Il faut aussi garder une limite en tête : une sauvegarde n’est pas un archivage. Pour des obligations légales de conservation, d’e-discovery ou de preuve, on peut avoir besoin d’un dispositif distinct, plus rigide sur la durée et l’intégrité. Autre point souvent sous-estimé : une restauration volumineuse dépend du réseau, du temps de copie et du volume à rapatrier. Pour des téraoctets de données, la vitesse de reprise peut devenir le vrai sujet, pas la capacité de stockage elle-même.
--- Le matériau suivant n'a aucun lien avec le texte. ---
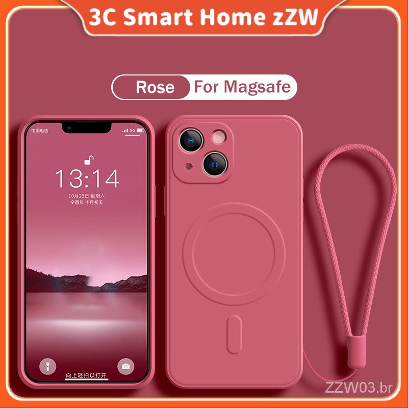 Silicone Original Para Capa De Carregamento Magnético Sem Fio Magsafe iPhone 14 15 Pro Max Plus Com Cordão
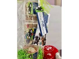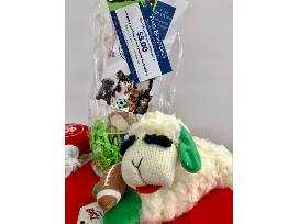 A tower of delicious yogurt puppy kisses from Two Bostons. These are a safe treat that is good for digestion. They are all yogurt so good for you too! Plus, a very cute Lambchop toy football style.
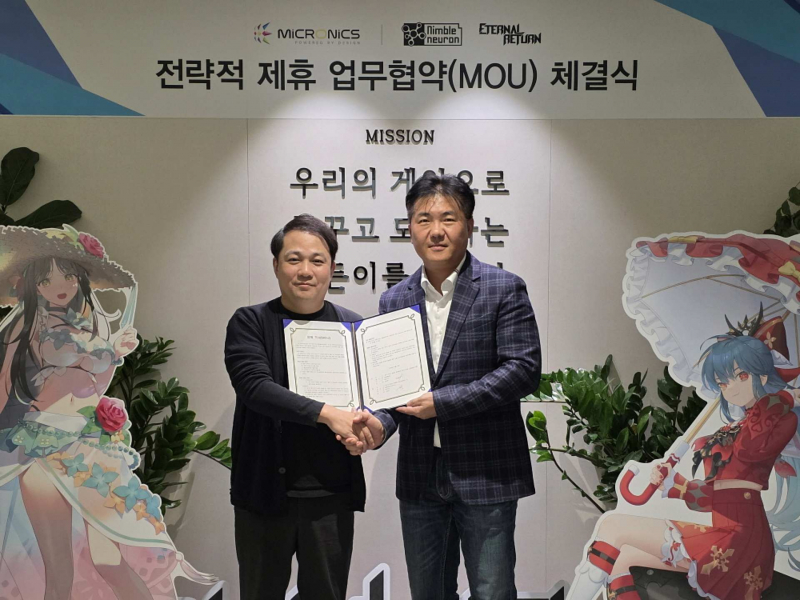 한미마이크로닉스와 님블뉴런이 온라인 생존 배틀 아레나 게임 ‘이터널 리턴’ IP를 중심으로 전략적 협력 양해각서(MOU)를 체결했다. 양사는 공동 마케팅, e스포츠 지원, 콜라보레이션 제품 개발을 추진하며 게이머에게 새로운 경험을 제공하고, 게임과 하드웨어가 결합된 문화 확산에 나설 계획이다.
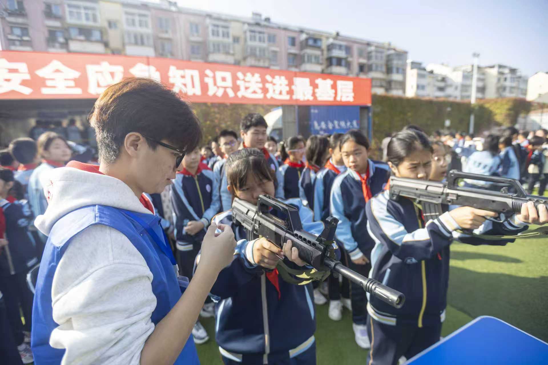 为进一步增强活动的互动性和参与感,现场还专门设置了电子模拟射击系统体验区,吸引了众多学生踊跃尝试。此举不仅有助于加深青少年对国防安全的理解,更在模拟练习中有效锤炼了他们的心理素质,培养了沉着冷静、果断勇敢的意志品质。
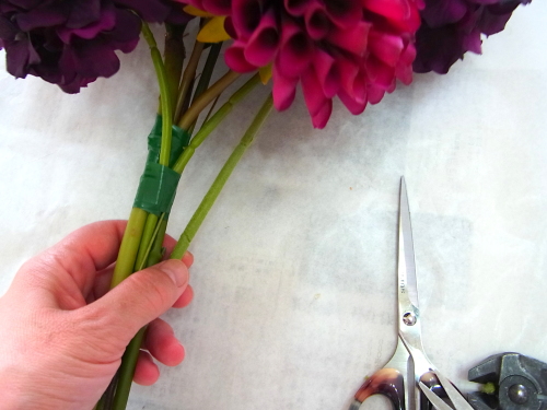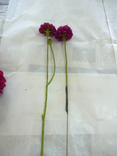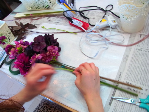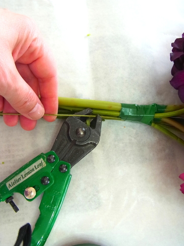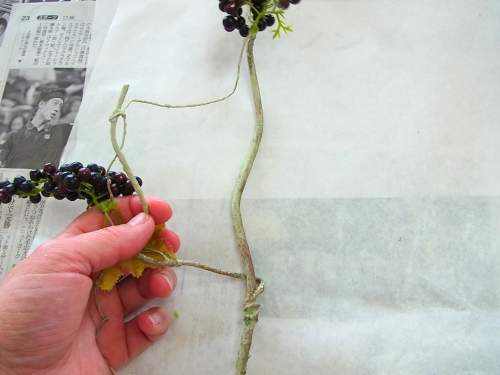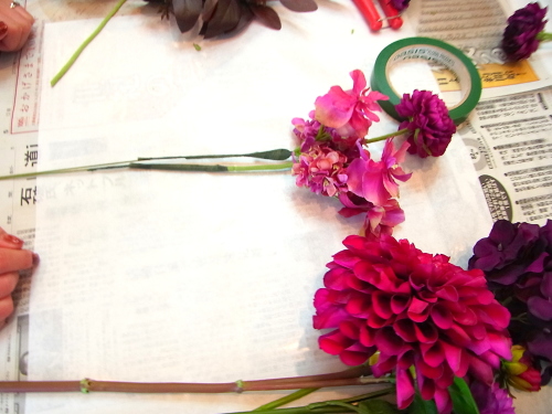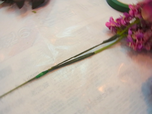 同じ高さで、二股に分かれている花材は片方をカット。太いワイヤを添え木してテーピングして、茎にします。

Enfin, je me méfie des solutions qui promettent tout sans préciser leur mécanique de restauration. Si un fournisseur ne documente pas clairement l’immuabilité, la rétention, les logs et les tests de reprise, il y a de fortes chances que la protection soit plus théorique que réelle. C’est précisément pour cela qu’il faut relier la sécurité technique à la réalité métier, et c’est ce qui permet de finir avec une stratégie vraiment exploitable.
Ce que je retiendrais pour un indépendant ou une PME
Si je devais résumer la bonne approche en trois décisions simples, je choisirais d’abord une copie séparée du poste principal, ensuite une version protégée contre la suppression, et enfin un test de restauration documenté. Ce trio vaut souvent mieux qu’une solution plus chère jamais vérifiée.
- Pour un indépendant, la priorité absolue est de pouvoir restaurer rapidement les documents, la messagerie et les fichiers clients.
- Pour une PME, l’enjeu principal est de couvrir les partages, les bases de données et les applications métiers sans dépendre d’un seul support.
- Pour tous, le meilleur indicateur n’est pas la taille du stockage, mais le temps réel de reprise après incident.
Une stratégie simple, testée et bien isolée protège mieux qu’un empilement d’options mal maîtrisées. Si je devais garder une seule idée, ce serait celle-ci : une copie distante n’a de valeur que si elle est restaurable, intacte et vraiment indépendante du reste de l’infrastructure.